Step 2: Update main.py with WebSocket Support
Modify your existing main.py to include WebSocket functionality and streaming support:
from fastapi import FastAPI,WebSocket
from fastapi.responses import HTMLResponse
from graph import graph
from pydantic import BaseModel
from template import html
app = FastAPI()
class ChatInput(BaseModel):
messages: list[str]
thread_id: str
@app.post("/chat")
async def chat(input: ChatInput):
config = {"configurable": {"thread_id": input.thread_id}}
response = await graph.ainvoke({"messages": input.messages}, config=config)
return response["messages"][-1].content
# Streaming
# Serve the HTML chat interface
@app.get("/")
async def get():
return HTMLResponse(html)
# WebSocket endpoint for real-time streaming
@app.websocket("/ws/{thread_id}")
async def websocket_endpoint(websocket: WebSocket, thread_id: str):
config = {"configurable": {"thread_id": thread_id}}
await websocket.accept()
while True:
data = await websocket.receive_text()
async for event in graph.astream({"messages": [data]}, config=config, stream_mode="messages"):
await websocket.send_text(event[0].content)
- HTML Endpoint (/): Serves the chat interface defined in template.py.
- WebSocket Endpoint (/ws/{thread_id}): Establishes a WebSocket connection for a given thread_id.
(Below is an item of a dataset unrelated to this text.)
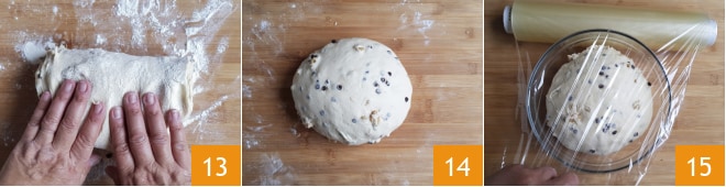 Amasa a mano 13 para formar una bola 14 y colócala en un bol. Cubre con film transparente y deja que fermente al menos 4 horas resguardada de corrientes de aire 15.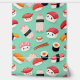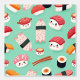 A fun, colourful kawaii sushi pattern featuring adorable sushi rolls, nigiri, and maki with smiling faces on a pastel green background. Perfect for food lovers, especially those who enjoy cute and playful Japanese themes. Ideal for gift items, stationery, and more!

When a message is received, it uses graph.astream to stream the chatbot’s response in real-time.
Step 3: Test the WebSocket Chat
- Add websockets to requirements.txt
- Ensure your FastAPI app is running
- Open your browser and navigate to http://localhost:8000/ .
- Type a message (e.g., “Hey, what’s up?”) in the input field and press “Send”.
- Watch the response stream in real-time below the input field.
Notes:
The WebSocket example uses a hardcoded thread_id of “123” in the HTML. For a more dynamic setup, you could pass the thread_id via URL parameters or user input in the HTML.
8. Conclusion
In this tutorial, we walked through building a FastAPI-powered chatbot that leverages LangGraph to manage conversational state. We integrated a language model using LangChain’s Groq module and ensured our conversation context stayed within token limits using our custom context manager.